Large language models in building energy applications: a survey
Muhammad Arslan, Saba Munawar
Abstract
The use of large language models (LLMs) in building energy applications (BEAs) is driving intelligent and sustainable solutions. Research in this area has expanded across multiple subfields, highlighting the need for a comprehensive understanding of LLM adoption, key applications, and emerging trends. Existing surveys often focus on narrow technical use cases, overlooking the broader context of LLM integration in building energy (BE) systems. This survey reviews 76 peer-reviewed articles published between 2021 and July 2025 at the intersection of LLMs and BEAs. A multi-scale analysis is presented, including keyword analysis, conceptual linkages via co-occurrence networks, topic modelling across six domains, and temporal assessment of study and method distributions. This approach provides a structured synthesis without delving into model-specific technical details.
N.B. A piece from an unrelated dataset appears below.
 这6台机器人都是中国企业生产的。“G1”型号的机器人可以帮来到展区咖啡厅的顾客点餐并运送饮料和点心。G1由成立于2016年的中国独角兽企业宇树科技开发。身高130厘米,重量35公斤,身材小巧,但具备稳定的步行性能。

Key findings indicate that LLMs are transitioning from experimental tools to core infrastructure: they serve as semantic connectors between modelling, automation, and human-centred feedback; foundational methods dominate topic share; and methodological maturity has accelerated since 2023. Practical applications include semantic data integration, automated occupant surveys, decision support for retrofits, and energy-aware control. The survey offers a roadmap for scalable, interoperable, and human-aware BEAs, informing both research and practice.